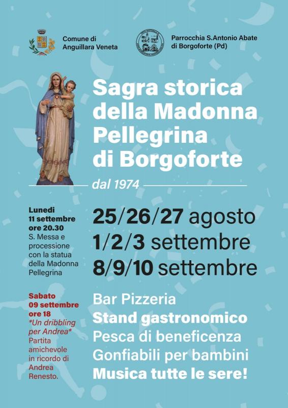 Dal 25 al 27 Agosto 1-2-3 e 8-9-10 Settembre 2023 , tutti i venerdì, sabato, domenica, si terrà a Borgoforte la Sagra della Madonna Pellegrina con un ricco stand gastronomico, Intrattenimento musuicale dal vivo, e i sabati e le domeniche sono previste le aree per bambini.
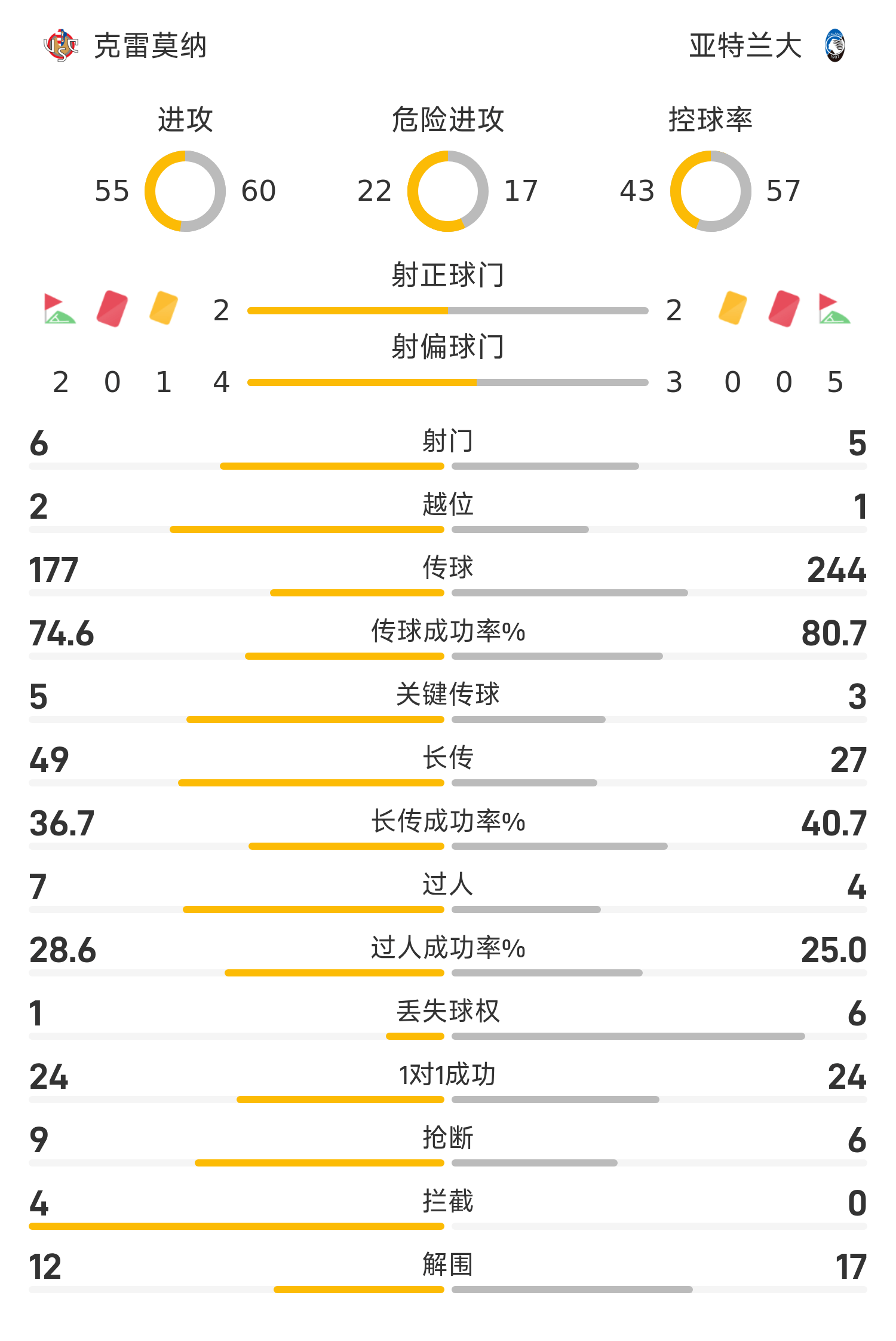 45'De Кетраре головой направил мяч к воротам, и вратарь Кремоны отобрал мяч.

--------------------------------

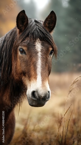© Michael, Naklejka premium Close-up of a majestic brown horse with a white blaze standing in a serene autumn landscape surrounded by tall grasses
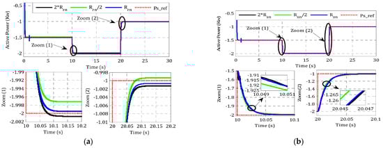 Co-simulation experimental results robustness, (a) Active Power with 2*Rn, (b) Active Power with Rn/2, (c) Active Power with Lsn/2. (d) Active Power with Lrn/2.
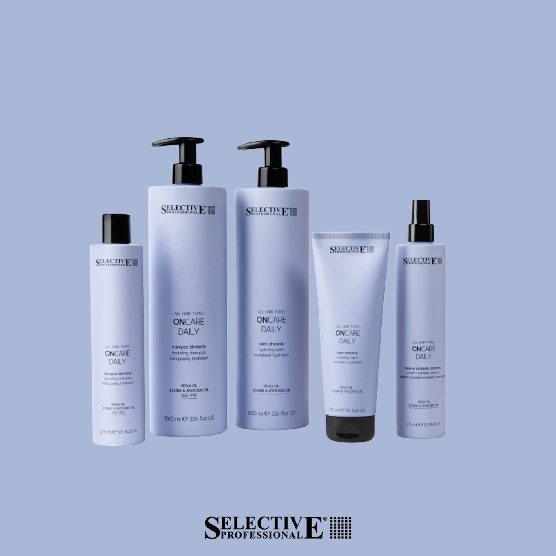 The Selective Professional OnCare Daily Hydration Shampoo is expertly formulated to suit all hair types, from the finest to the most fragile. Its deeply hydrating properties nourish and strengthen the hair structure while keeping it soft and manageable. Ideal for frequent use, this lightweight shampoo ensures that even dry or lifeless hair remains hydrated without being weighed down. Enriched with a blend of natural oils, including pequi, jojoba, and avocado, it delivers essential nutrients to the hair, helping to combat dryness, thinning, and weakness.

--------------------------------

* [Aim of the exercise]:
Whatever pictures the records hold, omit them; give again exactly the lines from the one containing "Co-simulation experimental results" through the one containing "The Selective Professional".

* [Solution to the problem]:
 Co-simulation experimental results robustness, (a) Active Power with 2*Rn, (b) Active Power with Rn/2, (c) Active Power with Lsn/2. (d) Active Power with Lrn/2.
 The Selective Professional OnCare Daily Hydration Shampoo is expertly formulated to suit all hair types, from the finest to the most fragile. Its deeply hydrating properties nourish and strengthen the hair structure while keeping it soft and manageable. Ideal for frequent use, this lightweight shampoo ensures that even dry or lifeless hair remains hydrated without being weighed down. Enriched with a blend of natural oils, including pequi, jojoba, and avocado, it delivers essential nutrients to the hair, helping to combat dryness, thinning, and weakness.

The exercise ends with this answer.